= Edward Rose Tunno =

British politician (1794–1863)

Edward Rose Tunno (1794–1863) was a Member of the Parliament of the United Kingdom for Bossiney, Cornwall, 1826–1832.

He had homes at Llangennech, near Llanelli, Carmarthenshire, Wales; Boverton Castle, Llantwit Major, Glamorganshire, Wales; and 19 Upper Brook Street, London, England. In 1825 he married Caroline Raikes, a cousin of General Robert Raikes, but they had no children.

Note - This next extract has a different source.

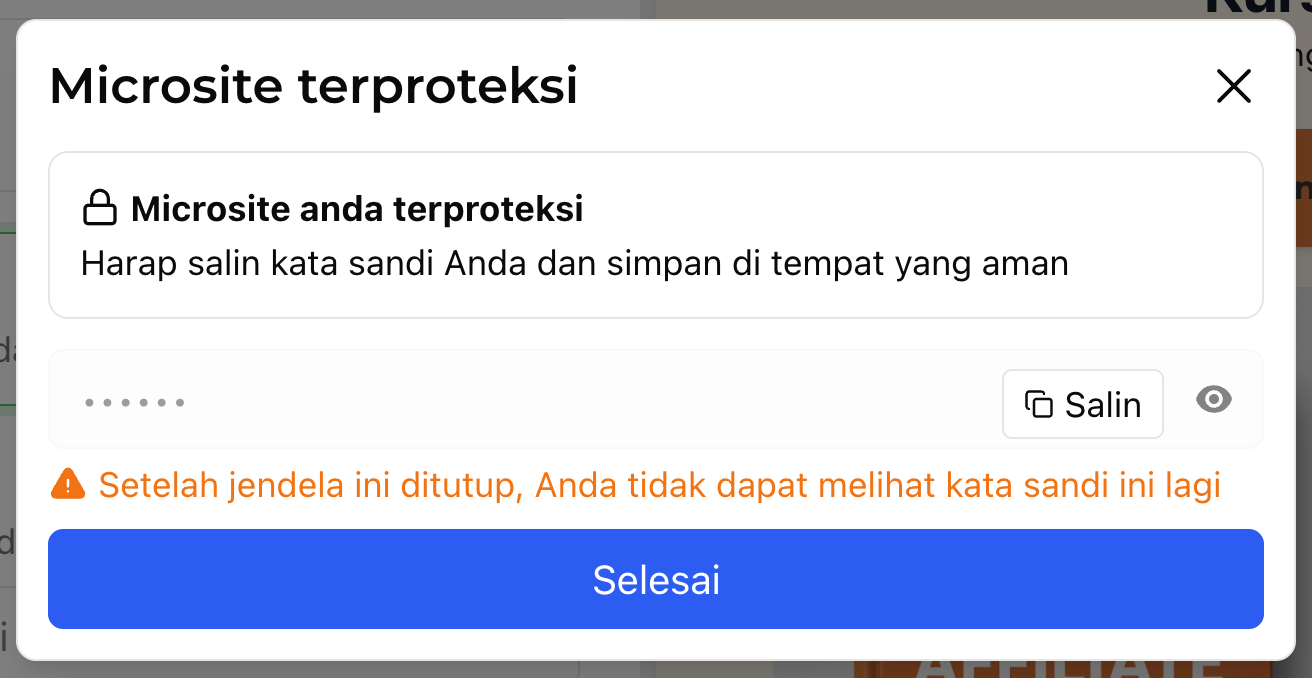 Pastikan kamu mengingat dengan baik kata sandi atau password dari protect micrositemu, lalu klik "selesai"

His father was John Tunno (1746–1819), a Scottish-born merchant and slave trader who had made a fortune in Charleston, South Carolina and, after the American Revolution, another in London as a member of Lloyd's of London and a friend of Sir Thomas Baring. His mother was Margaret Rose of Charleston, who married John Tunno in 1781. She was the daughter of John Rose, another Scot descended from the Roses of Clava, in Nairnshire, who had 42,000 acres of rice plantations in South Carolina and interests in Jamaica.

Acting as executor to his father-in-law Job Raikes's (1767-1833) estate, that included plantation interests at Trinity plantation in Jamaica, he was listed as a claimant for compensation after the passing of the Slavery Abolition Act 1833.

His coalmine at Llangennech was worked by James Shears from 1824.

He was the uncle of the MP Edward John Sartoris (1814–88), to whom he bequeathed much of his estate.